··· Data records ···
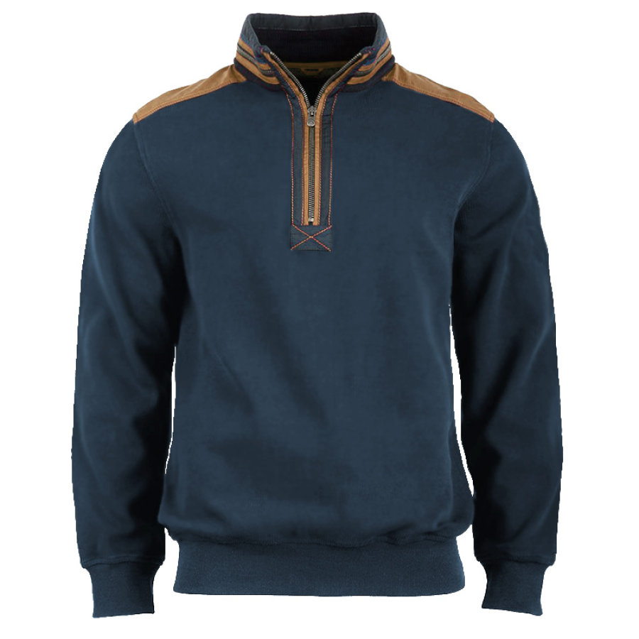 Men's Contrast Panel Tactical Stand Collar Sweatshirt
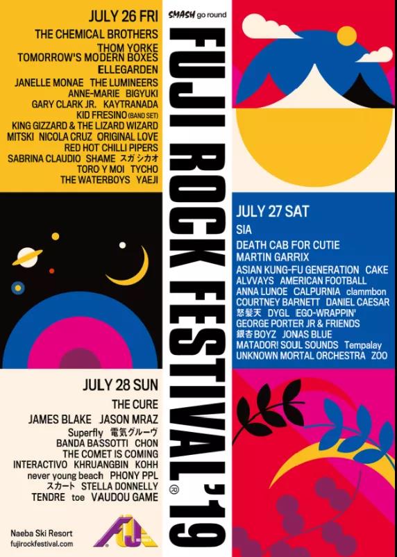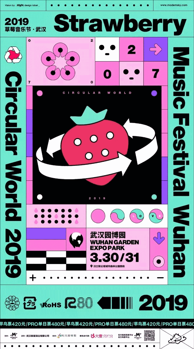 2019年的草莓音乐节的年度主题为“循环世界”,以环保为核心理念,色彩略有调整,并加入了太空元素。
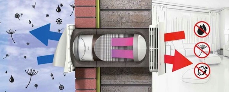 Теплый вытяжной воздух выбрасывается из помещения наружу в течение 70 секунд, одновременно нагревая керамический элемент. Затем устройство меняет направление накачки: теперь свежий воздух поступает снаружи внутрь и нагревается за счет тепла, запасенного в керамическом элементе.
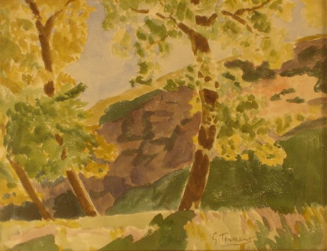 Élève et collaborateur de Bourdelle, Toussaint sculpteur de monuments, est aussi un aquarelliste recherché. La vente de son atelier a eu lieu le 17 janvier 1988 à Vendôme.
···
··· Data records ···
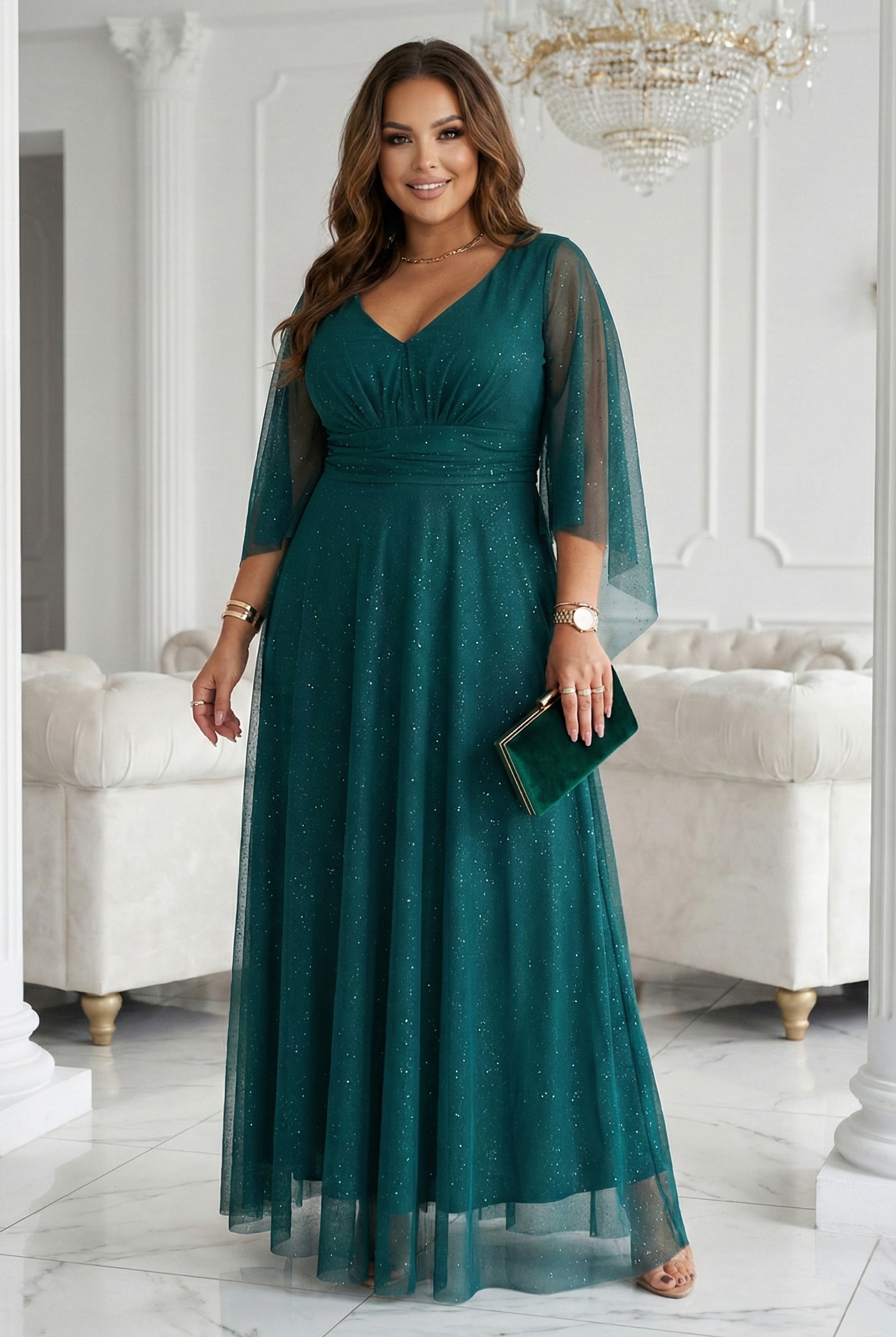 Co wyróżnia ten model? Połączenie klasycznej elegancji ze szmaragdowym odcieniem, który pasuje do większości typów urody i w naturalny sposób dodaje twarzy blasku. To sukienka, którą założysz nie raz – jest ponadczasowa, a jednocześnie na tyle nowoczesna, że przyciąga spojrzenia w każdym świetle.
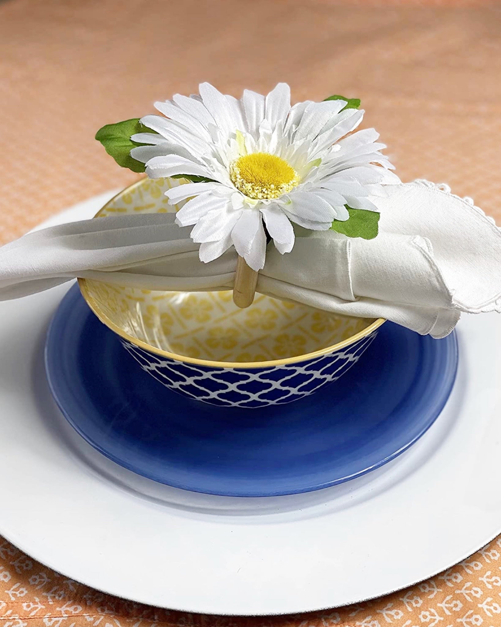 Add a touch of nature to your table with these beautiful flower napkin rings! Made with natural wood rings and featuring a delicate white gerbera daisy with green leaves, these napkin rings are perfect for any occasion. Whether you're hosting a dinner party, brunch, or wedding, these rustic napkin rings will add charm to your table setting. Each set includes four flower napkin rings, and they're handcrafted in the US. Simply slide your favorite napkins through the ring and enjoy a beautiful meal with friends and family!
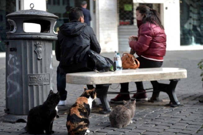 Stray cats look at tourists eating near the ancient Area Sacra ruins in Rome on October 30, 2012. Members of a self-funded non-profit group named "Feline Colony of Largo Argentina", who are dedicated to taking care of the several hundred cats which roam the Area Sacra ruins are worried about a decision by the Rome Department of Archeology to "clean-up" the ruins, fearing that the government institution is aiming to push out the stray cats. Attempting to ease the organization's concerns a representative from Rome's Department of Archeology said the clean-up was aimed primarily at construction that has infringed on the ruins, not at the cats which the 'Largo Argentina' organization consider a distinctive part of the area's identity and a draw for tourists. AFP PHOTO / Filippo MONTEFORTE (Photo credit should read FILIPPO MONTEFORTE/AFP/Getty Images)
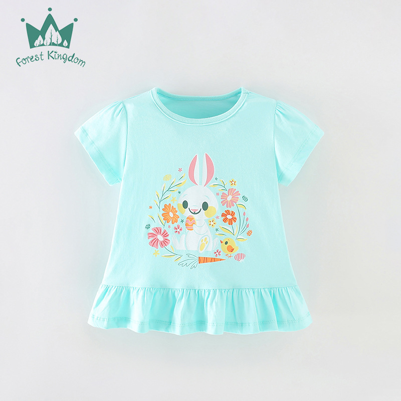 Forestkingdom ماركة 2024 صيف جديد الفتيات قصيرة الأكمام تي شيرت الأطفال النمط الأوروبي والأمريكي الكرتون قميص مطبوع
···
▶ _About this exercise_:
Give again, exactly as written above, every line from the one holding "Men's Contrast Panel" to the one holding "Élève et collaborateur", with both ends kept and the pictures left out.

▶ _Completed task_:
 Men's Contrast Panel Tactical Stand Collar Sweatshirt
 2019年的草莓音乐节的年度主题为“循环世界”,以环保为核心理念,色彩略有调整,并加入了太空元素。
 Теплый вытяжной воздух выбрасывается из помещения наружу в течение 70 секунд, одновременно нагревая керамический элемент. Затем устройство меняет направление накачки: теперь свежий воздух поступает снаружи внутрь и нагревается за счет тепла, запасенного в керамическом элементе.
 Élève et collaborateur de Bourdelle, Toussaint sculpteur de monuments, est aussi un aquarelliste recherché. La vente de son atelier a eu lieu le 17 janvier 1988 à Vendôme.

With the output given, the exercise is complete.